Image from www.grainsessential.ca
What are whole grains? Well, this may be obvious but it's important so I'll point it out anyway- they're whole. This means whole grains contain all parts of the grain; the starchy endosperm, the bran, and the germ. In comparison, refined grains and flour are composed of only the starchy endosperm of the grain. They are missing a significant portion of important nutrients. Let's look at a slice of white bread.  The Mayo Clinic states that "a slice of commercially prepared white bread has 66 calories, 1.9 grams protein and 0.6 grams fiber. A slice of whole-wheat bread has 69 calories and provides 3.6 grams protein and 1.9 grams fiber." But that's not the only difference.
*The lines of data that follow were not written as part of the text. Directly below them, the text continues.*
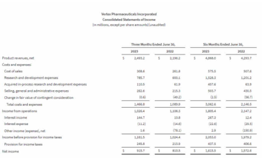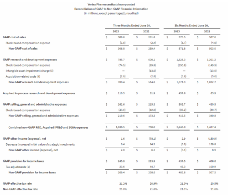 与2022年第二季度相比,GAAP和Non-GAAP的净收入分别增长了13%和9%。主要是由于强劲的收入增长和利息收入的增加部分抵消了中期和后期临床管道投资的增加,收购的知识产权和研发费用的增加,以及在全球范围内支持Vertex疗法的费用。
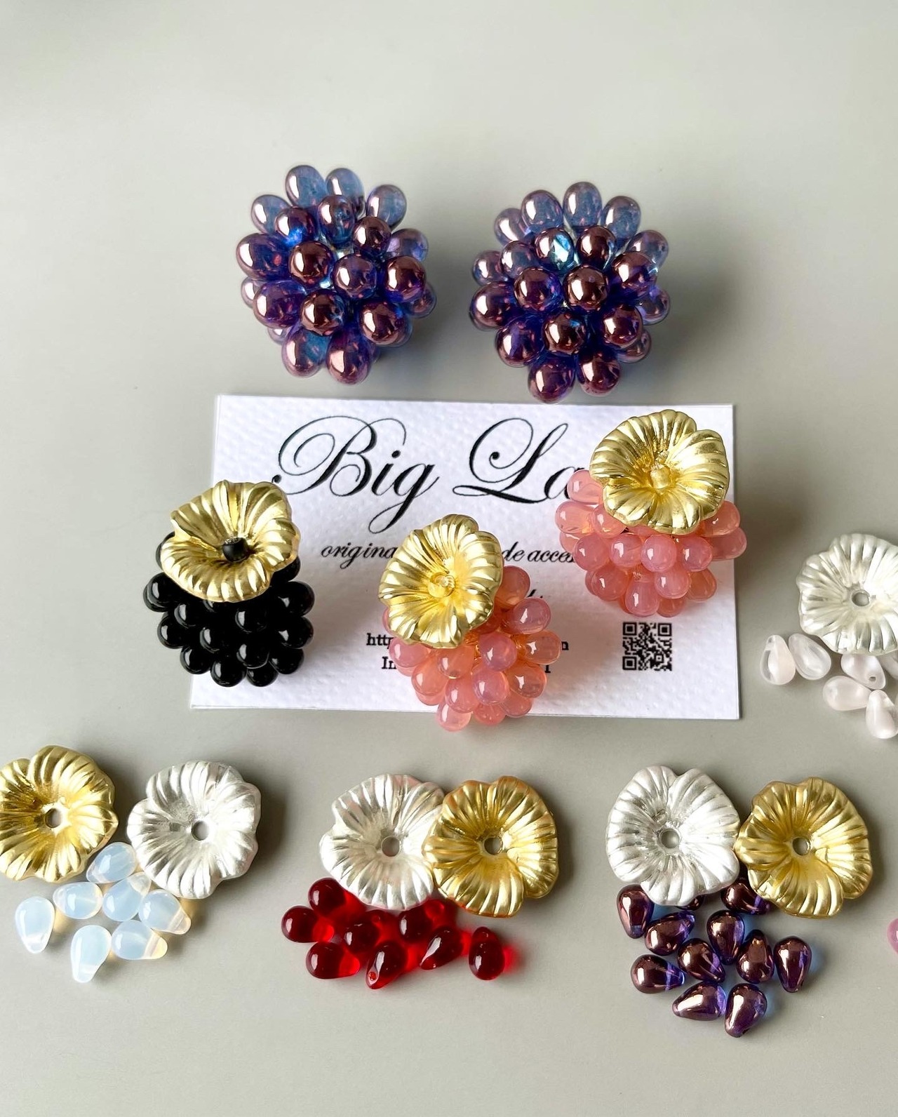 マットなお花とチェコガラスの組み合わせが堪らないキュートさ ‼️
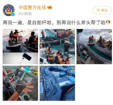 最后再帮中国警方辟下谣,中国海警登上菲律宾海军船只时手持的是自拍杆,不是斧头,请勿再继续传播错误说法。
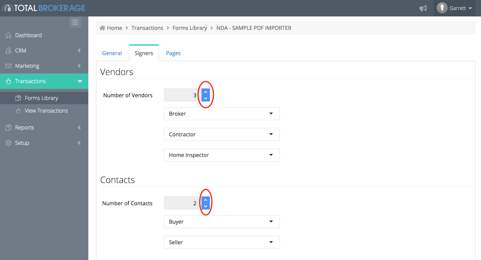 In order to change the number of vendors and signers, click the up and down arrows next to the numbers, then choose who the vendors and signers are.
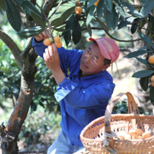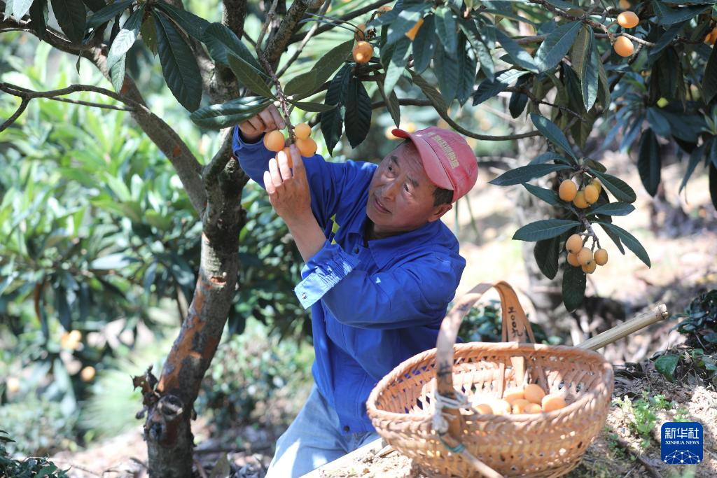 5月18日,果农在歙县深渡镇绵潭村采摘三潭枇杷。
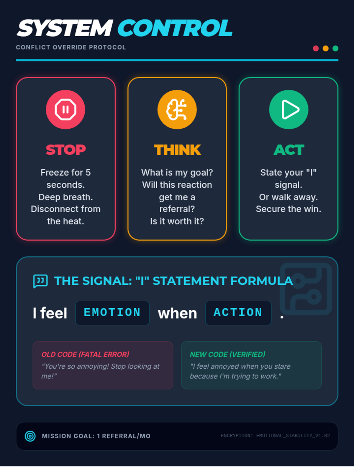 A high-impact visual anchor chart for a student's desk, featuring the Stop-Think-Act circuit breaker and the "I" statement formula in a modern, tech-themed design.
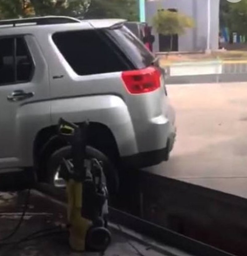 Los hechos, al parecer, sucedieron en un taller de alineación y balanceo, aunque hay quien dice que fue en un autolavado por la hidrolavadora que está a un costado de la camioneta y fue videograbado. “¿Cómo sucedió esto?”, se pregunta el afligido conductor que se pasea de un lado a otro.
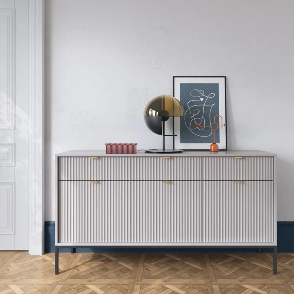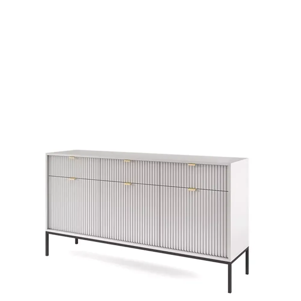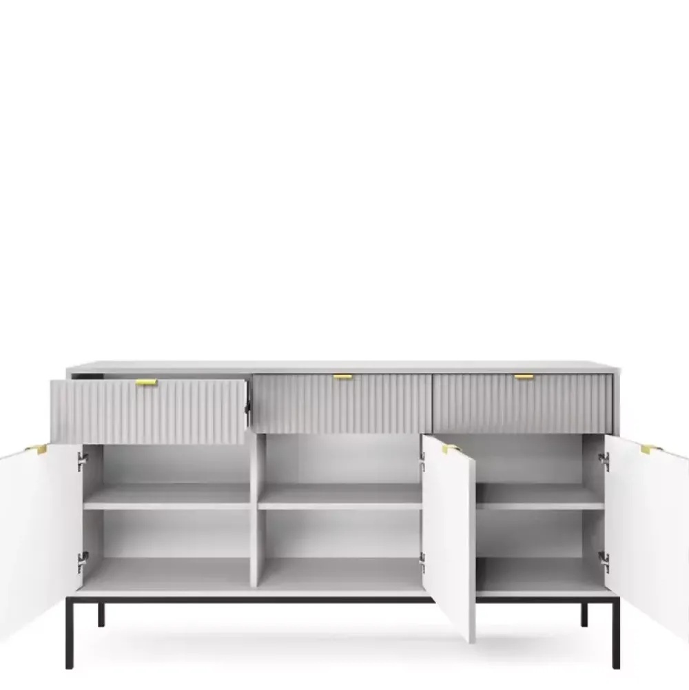 Szara komoda AVANTI o szerokości 154 cm posiada trzy szuflady i sześć niezależnych wnęk, w których znajdziesz dużo miejsca do przechowywania. Ryflowane fronty z pewnością przyciągną oko odwiedzających Twój dom gości, a złote uchwyty zapewnią Ci wygodny dostęp do wnętrza komody. Konstrukcję osadzono na metalowych nóżkach malowanych proszkowo na czarno. Taka podpora zapewni stabilność mebla.
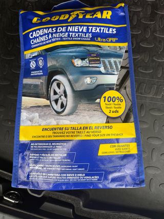 Cadenas de nieve textiles Goodyear, modelo Ultra Grip. Incluye 2 unidades. - Talla S. - Rápido y fácil de instalar. - Silenciosas, no vibran. - No deterioran el neumático. - Uso en carretera con nieve o hielo. - Incluye guantes.
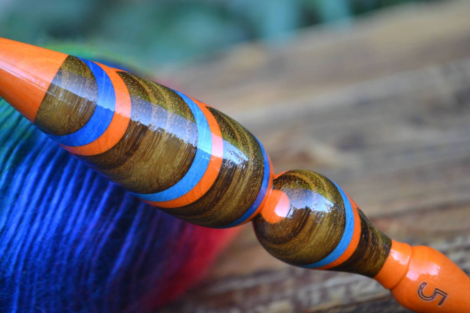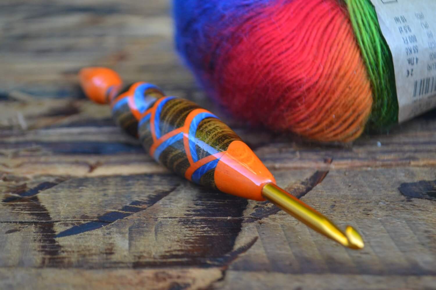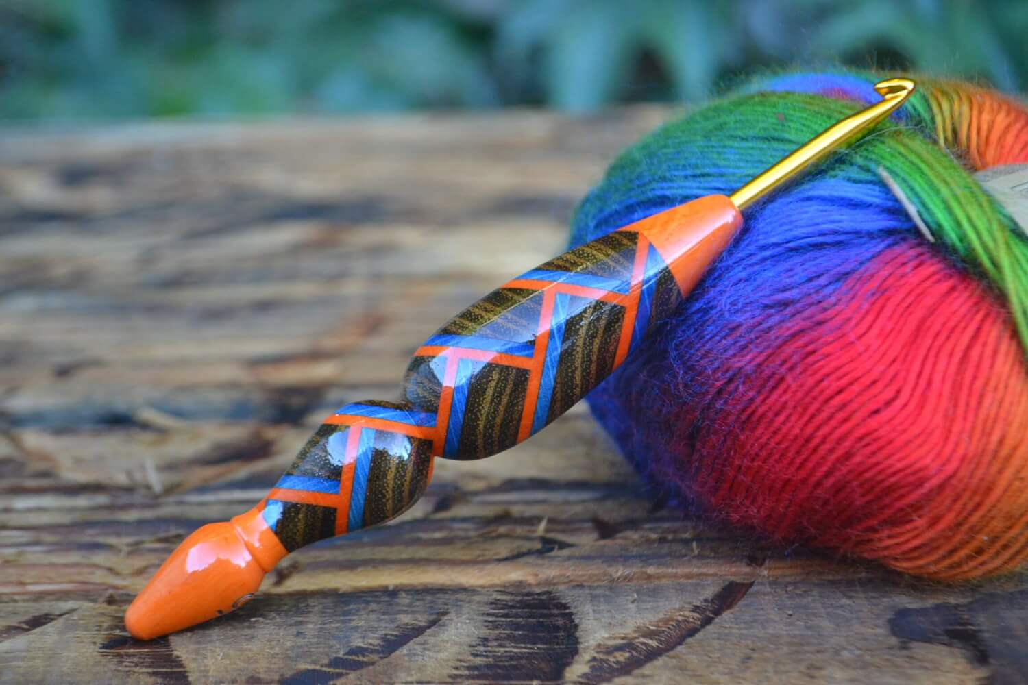 5 mm = size H Tulip Gold, Blue/Orange Hornbeam and Robinia wood mosaic Ergonomic Crochet Hook 23 mm 16 cm #1361-5051
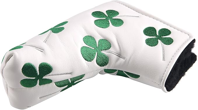 パターカバー ピンタイプ ゴルフ ヘッドカバー パターマジックテープ クローバー 大きいサイズ対応 ホワイト/ ブラック 単品1点 四つ葉クローバー PUレザー ブレードパターカバー
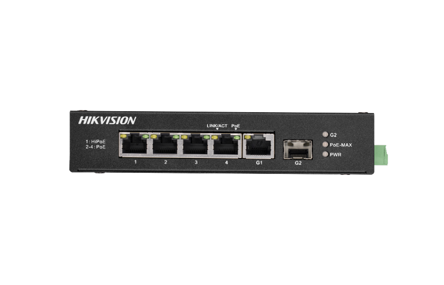 Hikvisoin 4 Port Fast Ethernet Unmanaged Harsh POE Switch, 3 × 100M PoE ports, 1 × Hi-PoE port, 1 × gigabit RJ45 port and 1 × gigabit SFP Fiber Optical Port, 3 year warranty
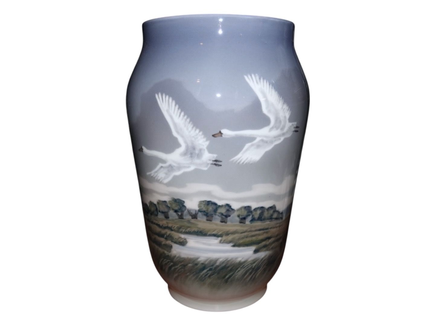 Stor Royal Copenhagen vase med flyvende svaner.Varen er på fjernlager. Bestil online, eller kontakt os, hvis du vil se den i butikken — vi kan ofte have den klar samme dag.
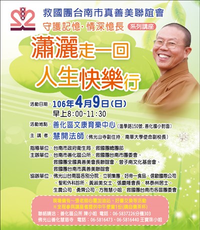 慧開法師講座:瀟灑走一回 人生快樂行 |2017.04.06 語音朗讀 800觀看次 字級 大 中 小 慧開法師講座:瀟灑走一回 人生快樂行 時間:4/9早上8時至11時30分 地點:善化區文康育樂中心 前一篇文章 U2 磁能按摩器 下一篇文章 妙檀香洗衣粉、洗衣精 熱門新聞 01【詩】白花鬼2026.03.2502鑲嵌藝術2026.03.2303故宮特展神獸再現 麒麟、鳳凰登場 2026.03.2404南華大學茶禪雅集 靜坐書寫時光膠囊2026.03.2605楊筑云、林芷均 奧爾良羽賽獲亞軍2026.03.2306星雲大師靈骨分燈北美 法脈永傳2026.03.2407星雲大師靈骨分燈歐洲 傳燈萬方2026.03.2608中南部水庫水位告急 各地農損頻傳2026.03.2409人間佛教聯合總會訪越南 弘法新契機2026.03.2310沉浸式共織宇宙 在新北美術館2026.03.23 訂閱電子報 台北市 天氣預報 台灣一週天氣預報 相關報導 以文字護持人間福報運動睡眠新科技 養生保健新利器房仲第一品牌 永慶加薪3% 體驗美好手作 製皂幸福時光 博愛社大春季班招生中 薩克斯風吹奏春季班 人間大學台中分校招生中 跨越十年縱橫南半球到北半球 《行者》新書上市

Let's now look at the link between eating refined grains and chronic inflammation. Foods have an effect on blood sugar. This is measured by the glycemic index (GI). A food that has a low glycemic index will raise blood sugar much more slowly than a food with a high GI.  According to Dr. Weil, chemical reactions occur in the body between the sugars and protein that produce pro-inflammatory compounds called AGEs (advanced glycation end products). These AGE's can be moderated by keeping blood sugar levels low and stable. So inflammation can be controlled by by eating low GI foods.

Recent research suggests that the glycemic load of foods may be just as important to consider as the index, but that's for another post.  Make sure to check out The University of Sydney, School of Molecular and Microbial Biosciences, Human Nutrition Unit link to their glycemic index tool.  You just enter a food and it tells you the GI and load.http://www.glycemicindex.com/ 

The bottom line - eat more whole grains.